RICHFIELD - Giant factory farms with thousands of cows are becoming more common in Wisconsin. However, neighbors are often worried about what the operation will do to the water, the air and their quality of life.
People just west of Waushara County voiced their concerns about a factory farm dairy proposal in Richfield near the intersection of Interstate 39 and State Highway 21 Monday night.
In a hot room in the Adams County Community Center, tempers flared as hundreds of people packed a state Department of Natural Resources public hearing on the proposed Richfield Dairy.
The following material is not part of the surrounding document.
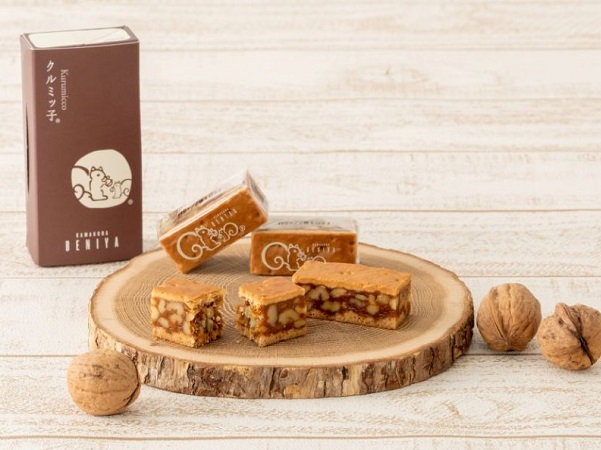 ぎっしり詰まった歯ごたえのよいクルミと、甘さとほろ苦さの絡み合った自家製キャラメルをバター生地ではさんだ贅沢な焼き菓子の「クルミッ子」、鶴岡八幡宮の象徴だった大銀杏の一葉を形にしたサブレ「鎌倉だより」を数量限定でご用意いたします。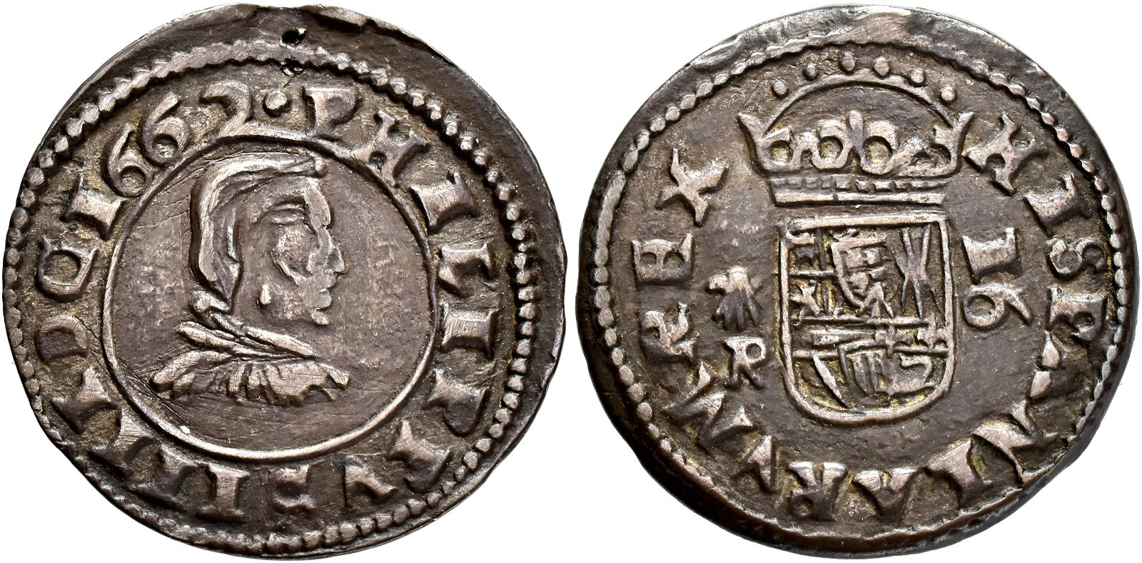FELIPE IV. 16 maravedís. 1662. Coruña. R. Fecha en anv. CU 4,59 g. 25,9 mm. RS-128; Orol-MO.433 MBC.

Many of those in the crowd wore t-shirts saying "No CAFO", which stands for Confined Animal Feeding Operation. It's the industry term for a factory farm.
The Richfield Dairy would be built in the field near Coloma and hold 4,300 cows with room to expand.
Most of the questions from the audience centered on what the dairy and all the manure would mean to water and air quality. Unlike some CAFO's, Richfield would not use a manure digester to create electricity. They would hold the manure in pits and then haul it to nearby fields.
"A lot of them will be running right down in front of my house to spread manure on the fields on 3rd and 4th avenue over there," Paul Powolish said, who lives near a farm. "I can't live under conditions like that,"
Powalish is the closest neighbor to the proposed dairy.
"I know what's coming, there's no two ways about it. I was born on the farm, I was raised on a farm and I know what's coming," he said.
Jim Ostrom is co-founder of Milk Source, the company that would own Richfield Dairy.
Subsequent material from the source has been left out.